I noted mount -t nullfs /some-file /some-other-file would fail on stock kernel and succeed on the patched one. If someone messes up and specifies regular files by accident, this is going to work out when it should not have from their perspective and this is why I suggested a switch to denote what they want, but I'm not going to insist on it.

code-wise, I'm deeply unsatisfied with this crossmp vnode business. I'll look around, perhaps it is fixable, in which case the above patch will be able to drop the realpath kludge.

Past that I don't see problems with the code and I'll ack in a day or two if the crossmp endeavor wont show anything promising.

In D37478#856863, @mjg wrote:

What "bug to bug compatiblity"?

I noted mount -t nullfs /some-file /some-other-file would fail on stock kernel and succeed on the patched one. If someone messes up and specifies regular files by accident, this is going to work out when it should not have from their perspective and this is why I suggested a switch to denote what they want, but I'm not going to insist on it.

I used the wrong term. I was just trying to point out that if an application has a bug (mistakenly mounting a file) or is trying to verify that FreeBSD does not have the ability to mount files, it should not stop us from implementating that feature.

code-wise, I'm deeply unsatisfied with this crossmp vnode business. I'll look around, perhaps it is fixable, in which case the above patch will be able to drop the realpath kludge.

Past that I don't see problems with the code and I'll ack in a day or two if the crossmp endeavor wont show anything promising.

I am also unhappy with the crossmp parts but did not want to attempt to change that in this diff - working around it seemed like the lower-risk option. Looking forward to seeing if you can find a cleaner way.

I ran a full stress2 test with D37478.114064.patch. No problems seen.

@markj is there an easy way to convince syzkaller to play with file mounts?

In D37478#857428, @mjg wrote:

@markj is there an easy way to convince syzkaller to play with file mounts?

I'm not sure about "easy", but it should be pretty straightforward. You'd add a pseudo-syscall probably modeled after syz_mount_image() in executor/common_linux.h. That'd be a C function which wraps nmount(2), and from syzkaller's perspective it's just another system call.
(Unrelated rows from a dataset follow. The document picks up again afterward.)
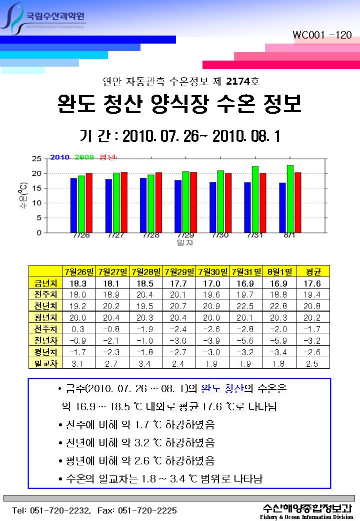 연안 자동관측 수온정보(완도 청산, 제2174호)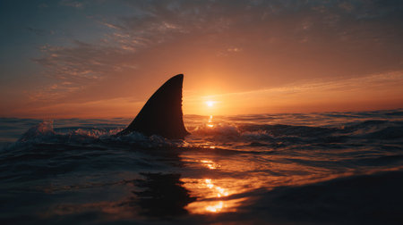 A striking image capturing a shark fin breaking the surface of the ocean at sunset, with vibrant colors illuminating the water. The serene atmosphere evokes a sense of adventure and connection to nature.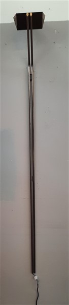 Lampada da parete della serie "Eidos". Produzione Sirrah, Imola, anni '80. Metallo brunito e inserti in fusione di ottone. (h cm 170,5) (lievi difetti e piccole mancanze)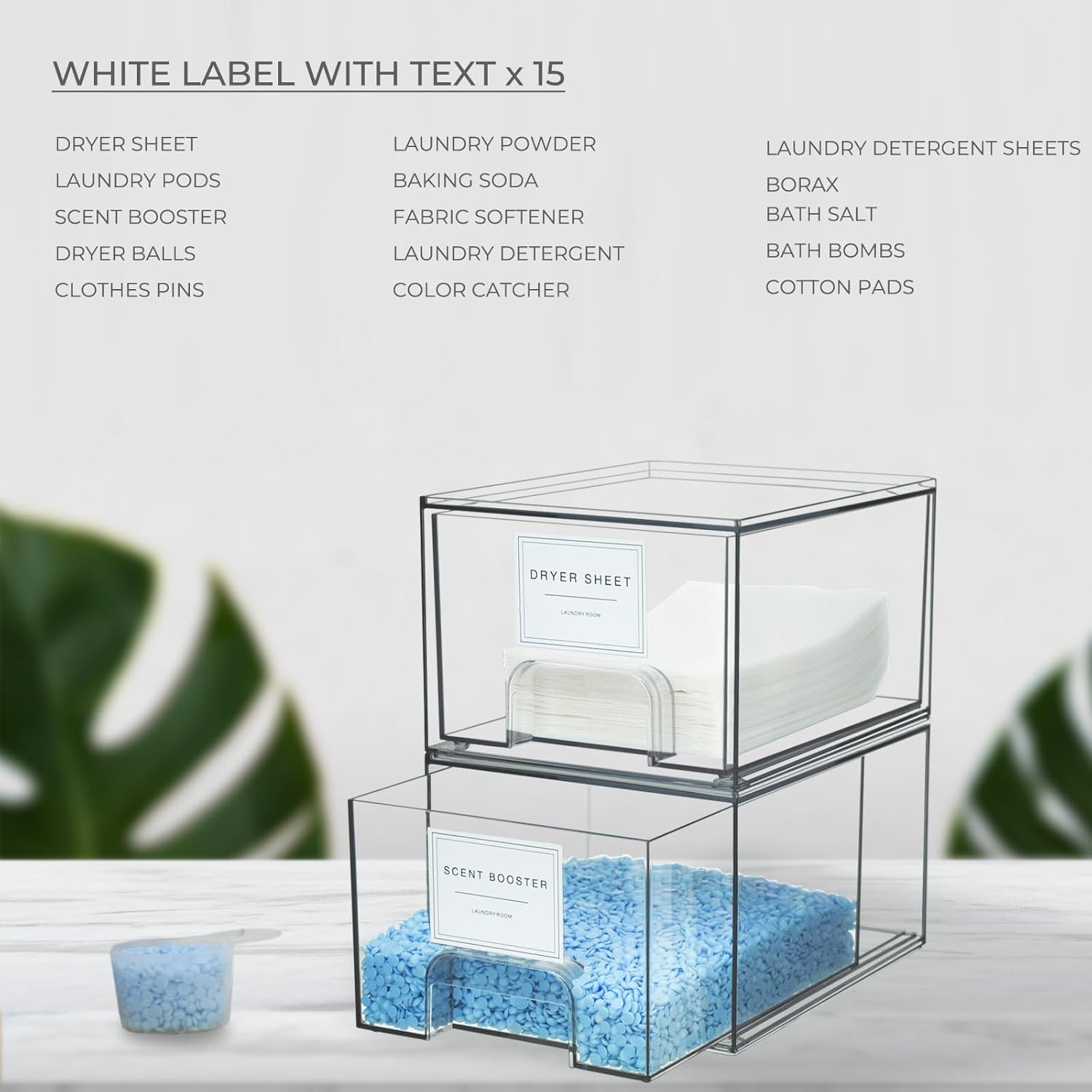 2 Pack Laundry Room Organization and Storage Containers with Labels, Stackable Clear Plastic Storage Drawers for Dryer Sheet Holder, Laundry Pods Container, Laundry Room Decor for Organizing

Then add some syzlang definitions which bind specific parameter values for syz_mount_image, e.g., by specifying "nullfs" as the filesystem type. These would go in sys/freebsd/mount.txt or so. Again, Linux has some examples here in sys/linux/filesystem.h.

If anyone would like to take this on, let me know and I can provide more details.

well I don't have time to do the syzkaller bit, but someone(tm) should. i'm still not convinced the crossmp business is necessary, but this should not be holding up the patch either.

Thanks everyone. I'm going to rebase and land this today.

This revision was automatically updated to reflect the committed changes.